[Start of Attachment]

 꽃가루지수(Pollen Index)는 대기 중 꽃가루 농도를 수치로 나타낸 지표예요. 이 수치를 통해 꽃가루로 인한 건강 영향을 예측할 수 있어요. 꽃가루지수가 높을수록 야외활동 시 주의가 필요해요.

[End of Attachment]
[Start of Attachment]

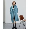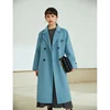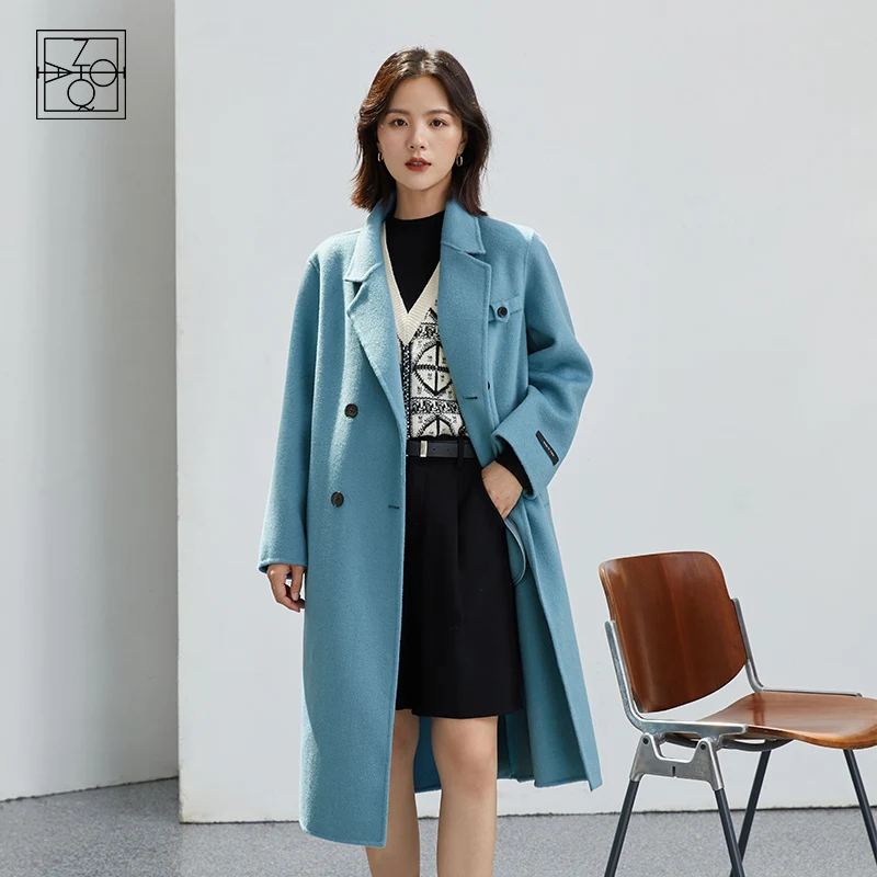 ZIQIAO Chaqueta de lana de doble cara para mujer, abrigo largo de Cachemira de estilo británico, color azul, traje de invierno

[End of Attachment]
[Start of Attachment]

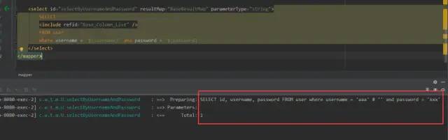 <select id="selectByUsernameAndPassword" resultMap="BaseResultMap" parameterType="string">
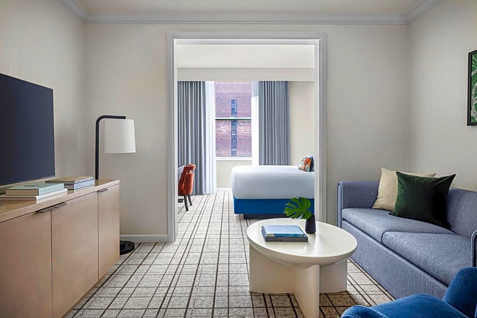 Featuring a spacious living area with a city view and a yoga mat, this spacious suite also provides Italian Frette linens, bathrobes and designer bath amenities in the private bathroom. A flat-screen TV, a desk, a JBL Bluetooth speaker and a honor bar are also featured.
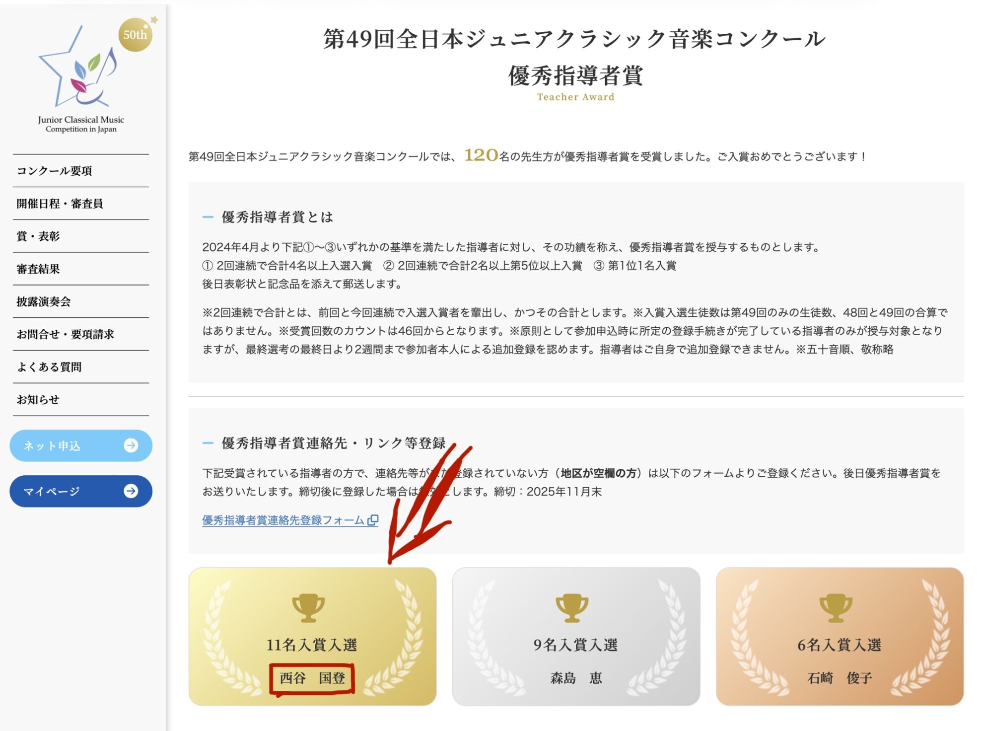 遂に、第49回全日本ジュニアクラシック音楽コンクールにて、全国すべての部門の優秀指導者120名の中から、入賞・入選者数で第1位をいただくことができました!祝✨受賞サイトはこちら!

[End of Attachment]

ABOUT THIS TASK | Find the line with "Featuring a spacious" in the entries above. Set down exactly every line from it up to and including the line with "遂に、第49回全日本ジュニア", images excluded.

YOUR RESPONSE |
 Featuring a spacious living area with a city view and a yoga mat, this spacious suite also provides Italian Frette linens, bathrobes and designer bath amenities in the private bathroom. A flat-screen TV, a desk, a JBL Bluetooth speaker and a honor bar are also featured.
 遂に、第49回全日本ジュニアクラシック音楽コンクールにて、全国すべての部門の優秀指導者120名の中から、入賞・入選者数で第1位をいただくことができました!祝✨受賞サイトはこちら!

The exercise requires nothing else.